## [PROBLEM]
Set the material down again exactly, line by line, skipping each picture.

## [DATASET EXCERPT]
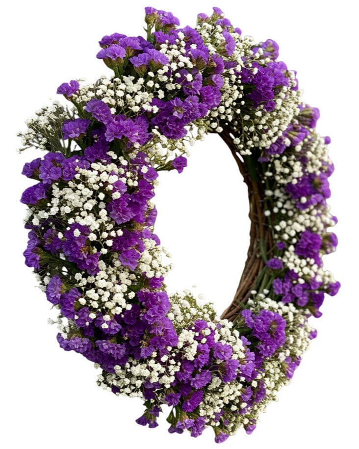 Purple Limonium and Gypsophila Wreath - Elegant Floral Door Decor
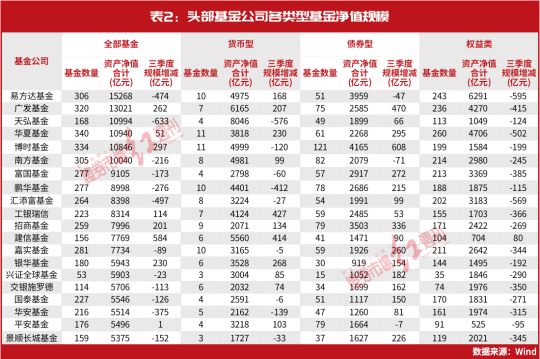 当上市公司三季报和基金三季报均落下帷幕,基金业的整体变化也正式定格。据了解,公募基金三季度的净资产相比二季度有一定减少,但减少幅度不大。从权益类基金而言,头部基金公司的权益类规模出现普遍下滑,惟一不同的是建信基金,该基金的权益类规模保持增长。
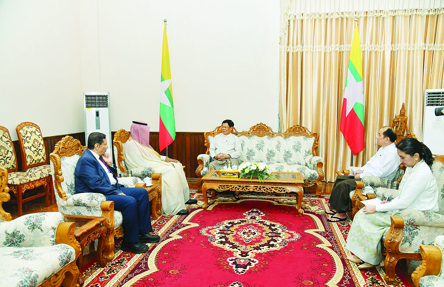 ပြည်ထောင်စုဝန်ကြီး ဦးသန်းဆွေ ဆော်ဒီအာရေဗျ သံအမတ်ကြီး မစ္စတာ ဆာအု(ဒ်) ဘင် အဗ္ဗဒူလာ အယ်လ် စုဘိုင်အား လက်ခံတွေ့ဆုံ

## [ANSWER AREA]
 Purple Limonium and Gypsophila Wreath - Elegant Floral Door Decor
 当上市公司三季报和基金三季报均落下帷幕,基金业的整体变化也正式定格。据了解,公募基金三季度的净资产相比二季度有一定减少,但减少幅度不大。从权益类基金而言,头部基金公司的权益类规模出现普遍下滑,惟一不同的是建信基金,该基金的权益类规模保持增长。
 ပြည်ထောင်စုဝန်ကြီး ဦးသန်းဆွေ ဆော်ဒီအာရေဗျ သံအမတ်ကြီး မစ္စတာ ဆာအု(ဒ်) ဘင် အဗ္ဗဒူလာ အယ်လ် စုဘိုင်အား လက်ခံတွေ့ဆုံ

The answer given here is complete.